Analysis@KeepAndBearArms.com

March 4, 2002

NOTE: If this looks too bunched up along the section where the charts are displayed, you can view this article outside of our normal site format here: http://www.KeepAndBearArms.com/Oberle/harvard.htm.

The factoid fry-cooks at Harvard School of Public Health have pulled a sleight of hand. You’ve probably seen the press reports[1] of their new “study,” in the Journal of Trauma which supposedly shows:

“The higher death rates in high gun states are due to differences in deaths from firearms” and “the strong and robust association between gun ownership and children’s violent death is compelling”[2] (see footnote for link to full-text article).”

They even (ahem) “show” that overall violence in kids is higher in the five most gun-prevalent states than in the five least. They do this by using a gun-prevalence proxy that two of them have recently acknowledged elsewhere is an inferior way to estimate gun prevalence — this comes in a paper for the Duke University Sanford Institute of Public Policy[3]. Not only that, but the creator of the proxy coauthored this Duke paper — even he, apparently, thinks it is inferior (see footnote for link to full-text paper).

What’s a proxy? Gun ownership levels can be difficult to determine, so the two ways to estimate it is to conduct surveys or to use a proxy — a formula based on something that involves guns and deduce ownership levels from that.
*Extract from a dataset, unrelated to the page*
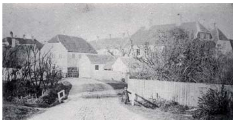
Stephan Hansens Boremølle

For at forsyne det stadigt voksende antal møller med vand, kom der i 1700'tallet flere og højere dæmninger til. Produktionen bestod udelukkende af våben, og fabrikken hed nu "Kronborg Geværfabrik". Møllerne havde hver deres funktion i våbenfremstillingen f.eks. hammermølle, slibemølle, boremølle.

The proxy the Harvard crew used is called Cook’s index. Named for Philip Cook[4], it is based on the proportion of guns used in two types of violent death — homicide and suicide. It is the average of two fractions — firearm suicides (FS) over all suicides (S) and firearm homicides (FH) over all homicides (H). Its formula is (FS/S + FH/H)/2. The assumption behind it is that the more that firearms are represented in overall violent death, the more they are prevalent.

The Harvard trio also used a second proxy (sort of Cook’s lite) — simply FS/S. While the Duke paper identifies it as better, it has problems similar to Cook’s index, but to a lesser degree. As well, they looked at 21-state gun prevalence surveys done by the Centers for Disease Control (CDC) in the 1990s and a regional level survey[5]. However, they focused on Cook’s index in their article. It is from their Cook’s index calculations that they derive their pronouncements about the top and bottom five states, and it is on Cook’s index that I devote most attention.

In the Journal of Trauma article, the Harvard group claims there is no 50-state survey of gun prevalence. While perhaps technically true, there are 48-state surveys (no Hawaii and Alaska).

Could the Harvard gang simply have not known about them? Nope. In the Duke paper, two of them identify these 1996 and 1999 surveys. Indeed, the surveys were conducted for them — or at least for the Harvard Injury Control Research Center, which is their part of the Harvard School of Public Health. In any event, all of them have used this data in other articles, in 1998 and 2000 — prior to submitting the Journal of Trauma article (submitted in December 2000)[6].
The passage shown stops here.